Source material:
-------------------------

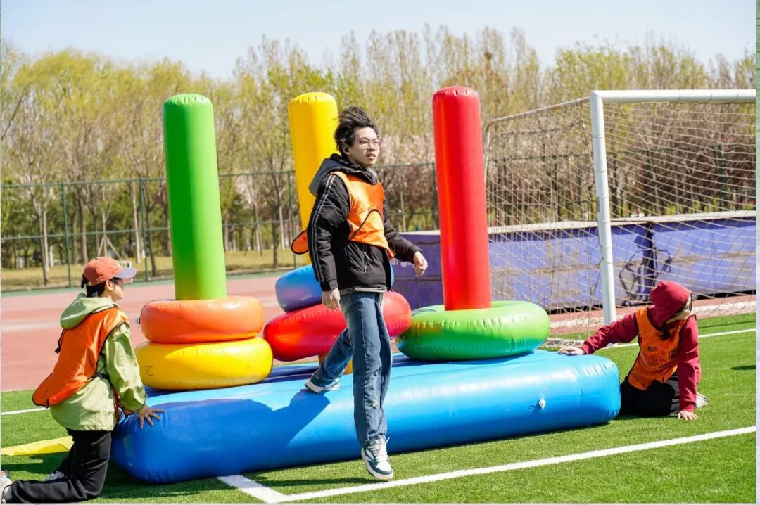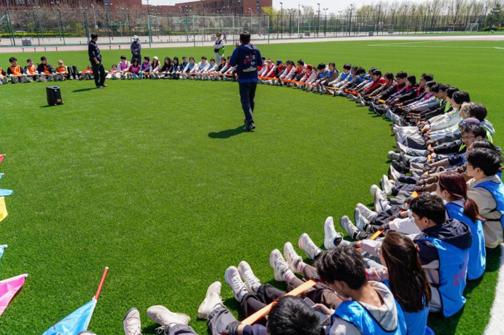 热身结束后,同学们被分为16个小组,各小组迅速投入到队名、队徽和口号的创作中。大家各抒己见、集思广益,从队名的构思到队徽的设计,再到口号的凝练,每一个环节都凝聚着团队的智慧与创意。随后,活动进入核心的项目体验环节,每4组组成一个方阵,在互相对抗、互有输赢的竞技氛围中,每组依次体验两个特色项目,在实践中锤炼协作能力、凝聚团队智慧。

-------------------------

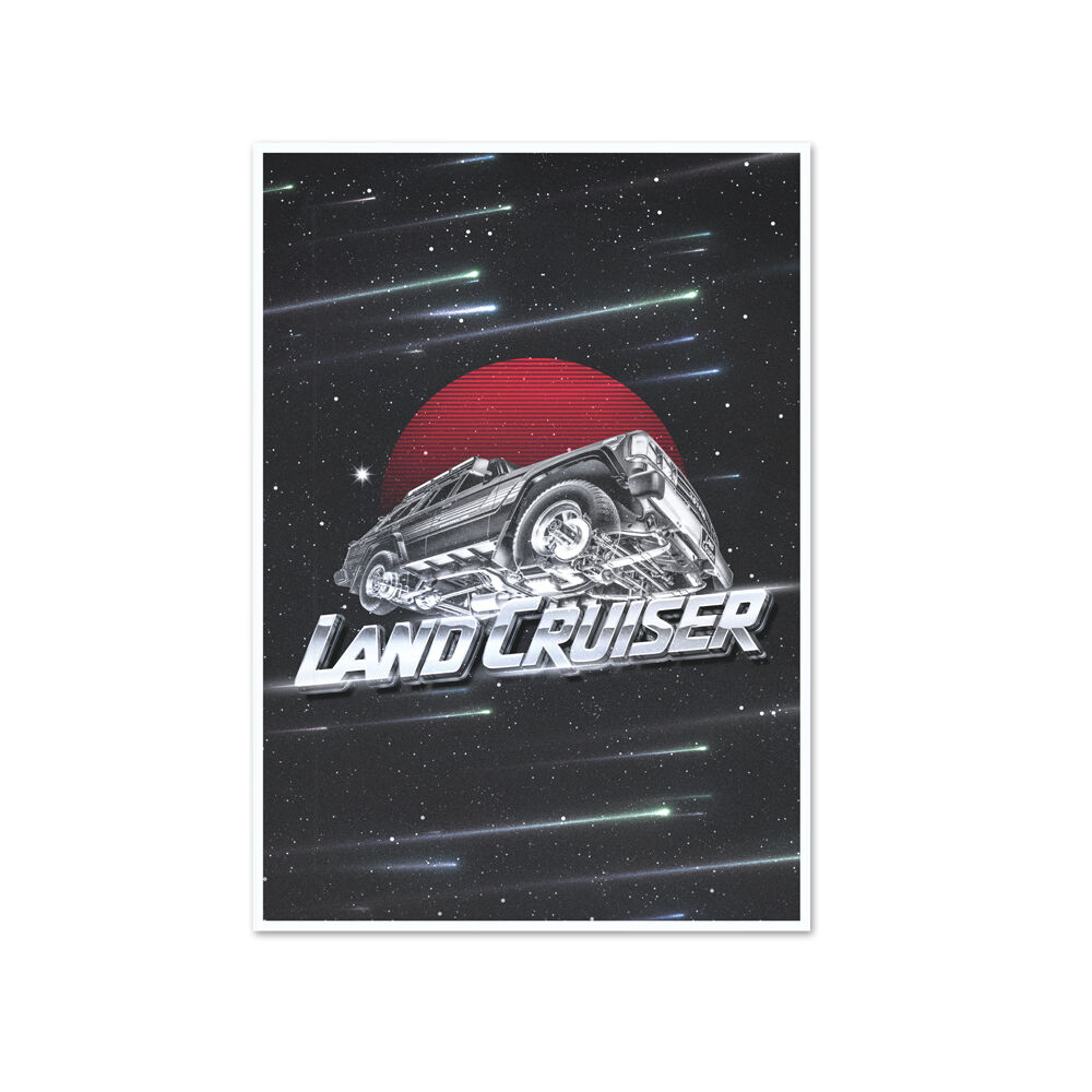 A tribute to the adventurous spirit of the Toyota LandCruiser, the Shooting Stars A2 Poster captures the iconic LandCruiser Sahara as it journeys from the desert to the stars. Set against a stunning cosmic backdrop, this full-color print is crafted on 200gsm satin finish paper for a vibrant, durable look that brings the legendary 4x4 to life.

-------------------------

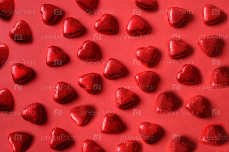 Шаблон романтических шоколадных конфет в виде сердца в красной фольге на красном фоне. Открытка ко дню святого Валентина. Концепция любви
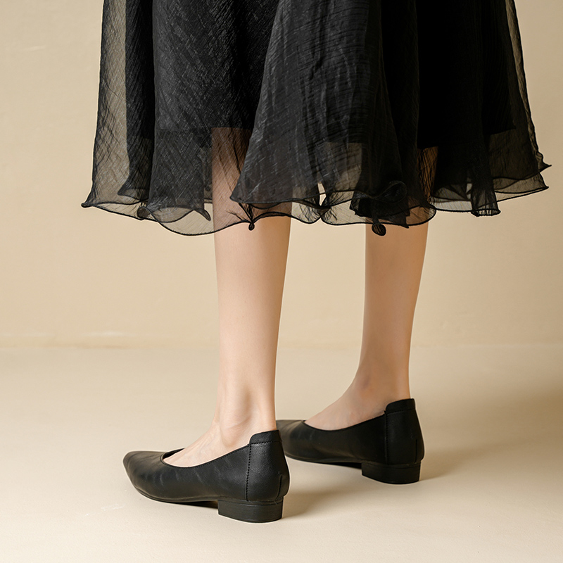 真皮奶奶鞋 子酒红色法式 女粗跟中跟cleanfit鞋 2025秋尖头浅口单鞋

-------------------------

What needs to be done:
What is wanted is an exact copy of the lines above from the one containing "Шаблон романтических шоколадных" through the one containing "真皮奶奶鞋 子酒红色法式 女粗跟中跟cleanfit鞋 2025秋尖头浅口单鞋", with no pictures in it.

Task output:
 Шаблон романтических шоколадных конфет в виде сердца в красной фольге на красном фоне. Открытка ко дню святого Валентина. Концепция любви
 真皮奶奶鞋 子酒红色法式 女粗跟中跟cleanfit鞋 2025秋尖头浅口单鞋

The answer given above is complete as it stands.